Required work: Only the pictures are to be dropped; the rest of the data below is to be duplicated exactly.

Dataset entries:
▶

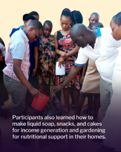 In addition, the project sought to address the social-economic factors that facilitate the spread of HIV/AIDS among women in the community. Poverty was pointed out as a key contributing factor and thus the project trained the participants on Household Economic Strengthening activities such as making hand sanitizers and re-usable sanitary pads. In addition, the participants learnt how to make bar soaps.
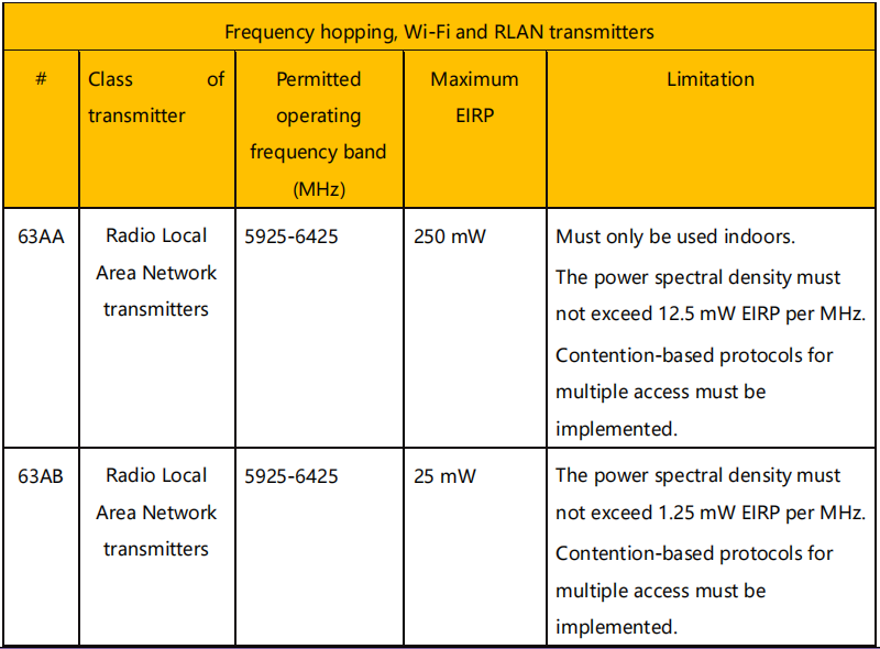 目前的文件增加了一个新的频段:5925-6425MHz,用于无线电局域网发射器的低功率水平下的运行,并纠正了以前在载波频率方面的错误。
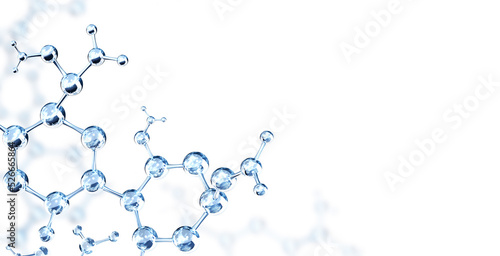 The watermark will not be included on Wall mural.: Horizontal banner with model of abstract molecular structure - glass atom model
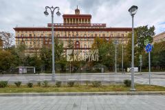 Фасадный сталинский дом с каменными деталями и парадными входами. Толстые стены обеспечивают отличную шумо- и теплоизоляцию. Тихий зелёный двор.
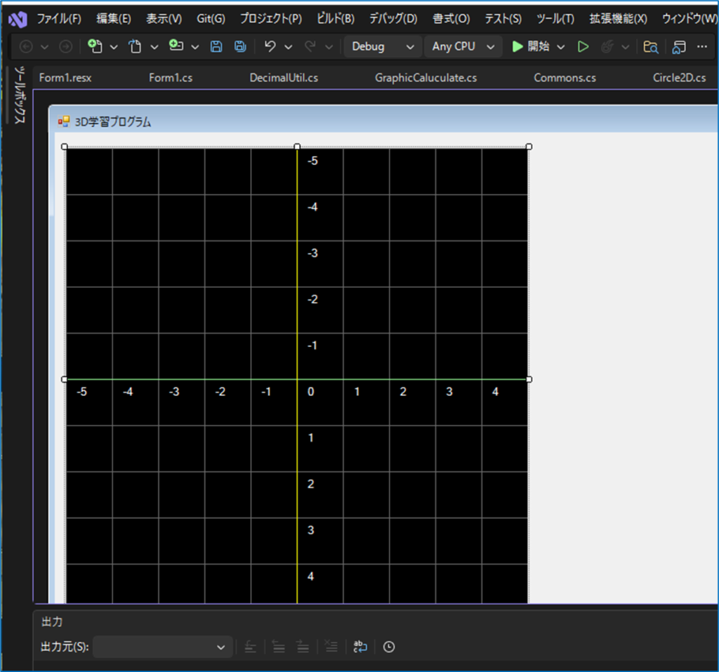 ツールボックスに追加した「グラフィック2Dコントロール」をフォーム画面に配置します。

◀

Answer area:
 In addition, the project sought to address the social-economic factors that facilitate the spread of HIV/AIDS among women in the community. Poverty was pointed out as a key contributing factor and thus the project trained the participants on Household Economic Strengthening activities such as making hand sanitizers and re-usable sanitary pads. In addition, the participants learnt how to make bar soaps.
 目前的文件增加了一个新的频段:5925-6425MHz,用于无线电局域网发射器的低功率水平下的运行,并纠正了以前在载波频率方面的错误。
 The watermark will not be included on Wall mural.: Horizontal banner with model of abstract molecular structure - glass atom model
 Фасадный сталинский дом с каменными деталями и парадными входами. Толстые стены обеспечивают отличную шумо- и теплоизоляцию. Тихий зелёный двор.
 ツールボックスに追加した「グラフィック2Dコントロール」をフォーム画面に配置します。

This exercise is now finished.